I wonder if it's the pine on the ground that upset the lift.


----------



## Del_ (Mar 7, 2017)

JTM said:


> I wonder if it's the pine on the ground that upset the lift.



I'm sure it is.


----------



## hanniedog (Mar 7, 2017)

What does the lift actually look like?


----------



## JTM (Mar 7, 2017)

From what I think I see in the picture it is a JLG articulating boom lift.


----------



## arathol (Mar 7, 2017)

hanniedog said:


> What does the lift actually look like?







You can rent them cheap at Home Depot, which is apparently what they did.


----------



## Cycledude (Mar 10, 2017)

Sad situation for sure.


----------



## grizz55chev (Mar 15, 2017)

under_the_hill said:


> It's unclear whether the man was harnessed to the bucket or not.
> 
> Story as of 5:40pm on 2/27/2017:
> 
> ...


Harness would not have saved him, most likely.


----------



## ropensaddle (Mar 15, 2017)

JTM said:


> That looks like a JLG articulating lift. I don't think it's something people should be trimming trees from.


I used them nothing wrong with using them unless power is close. The problem it appears is trying to take too much at once and do a climbing job with a lift. That jlg is 57' working height the tree obviously 90 foot. What that should mean to any well seasoned veteran is climb up piece it down until the lift can be utilized.

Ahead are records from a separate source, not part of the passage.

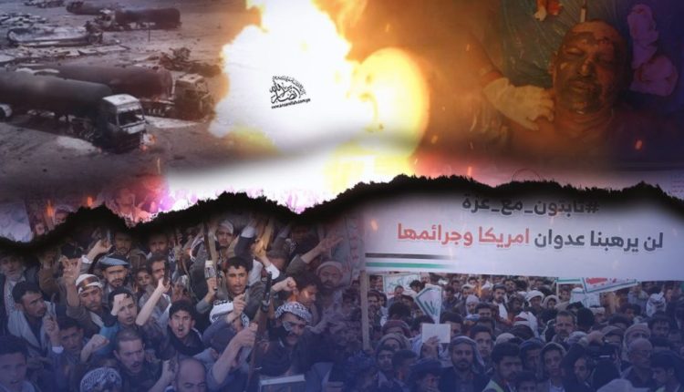 ففي جمعة “ثابتون مع غزة، مستمرون في مواجهة التصعيد الأمريكي والإسرائيلي” التي خرجت الجمعة في أكثر من ألف ساحة، سطر الشعب اليمني موقفا تاريخيا بخروجه الواسع، والذي تزامن بعد يوم فقط من إقدام العدو الأمريكي على ارتكاب مجزرة مروعة في ميناء رأس عيسى أفضت إلى استشهاد وإصابة 245 مدنياً وفق وزارة الصحة والبيئة.
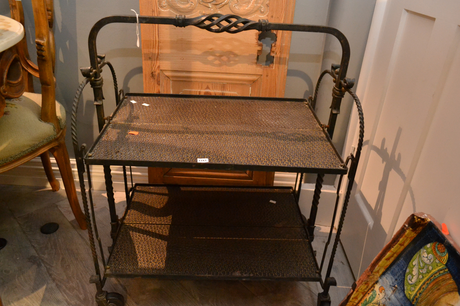 A French wrought iron framed auto trolley, 66 x 82 x 43.5cm
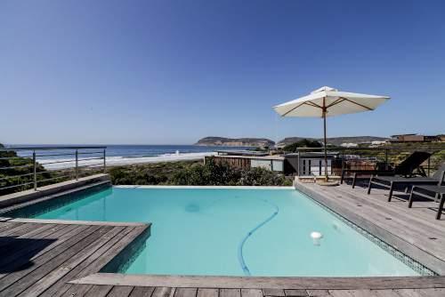 A spectacular view awaits you as you enter this modern 5 bedroom triple storey home in “Old Plett” Plettenberg Bay. Fabulous open plan living spaces with floor to ceiling glass doors allowing light and warmth to fill the house. An indoor pool heated by solar and a heat exchange system is on the same level and in summer the glass stacker doors can be opened to the house and outside private patio. The underground garage has space for 6 cars or add a workshop to the space (Bring your boat too!) With everchanging views and space for family and friends this is a house to come home to.
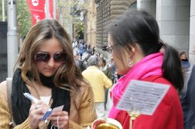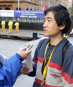 来自北京的番平先生向法轮功学员表示:“我非常的敬佩你们。我有几个好朋友是法轮功学员,我觉得他们都是好人。我也很想学炼法轮功,但是我上班很忙,没有时间。我十分反感中共迫害法轮功,我很愿意支持你们,但是我不知道该怎么做。有的时候我去堪培拉游玩,在中国使馆前看到你们在那拉横幅抗议,向中国游客发真相资料,我就跑过去帮助拉一会儿横幅,还帮着发发真相资料,我能做的就这些了。我相信如果大家都知道真实的情况,大家都会反对这场灭绝人性的迫害的。我也希望全世界的人们都能起来制止这场迫害。
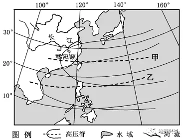 6.鄱阳湖补给长江频率较高的时期,副热带高压脊的位置及发生的天气现象分别是()

Even bucket trucks can be flipped broken etc. when a large top is loaded on them(just sayin)


----------



## David luke (Feb 27, 2019)

Two Years Ago Today I Was There He Was My Grandpa He Didn't Wear A Harness I didnt either I If You Have Any Questions I'll Respond R.I.P KENNY VICK LOVE YOU


----------



## David luke (Feb 27, 2019)

Love You R.I.P KENNY VICK


----------



## Cycledude (Feb 27, 2019)

Sounds like in this case working in windy conditions was a big issue


----------



## David luke (Feb 27, 2019)

Yeah 


Cycledude said:


> Sounds like in this case working in windy conditions was a big issue


I Agree


----------



## Del_ (Feb 27, 2019)

David luke said:


> Two Years Ago Today I Was There He Was My Grandpa He Didn't Wear A Harness I didnt either I If You Have Any Questions I'll Respond R.I.P KENNY VICK LOVE YOU



So sorry for your loss.

Is that you in the photo with your grandfather?


----------



## David luke (Feb 27, 2019)

JTM said:


> I wonder if it's the pine on the ground that upset the lift.


 It Was It hit the bucket and It bent the metal


----------



## grizz55chev (Feb 27, 2019)

David luke said:


> Love You R.I.P KENNY VICK


My sincere condolences!


----------



## David luke (Feb 27, 2019)

Del_ said:


> So sorry for your loss.
> 
> Is that you in the photo with your grandfather?


Yes


----------



## Ryan'smilling (Feb 27, 2019)

Sorry for your loss. Hopefully others can learn something from this tragedy.


----------



## David luke (Feb 27, 2019)

Ryan'smilling said:


> Sorry for your loss. Hopefully others can learn something from this tragedy.


I Hope So Too


----------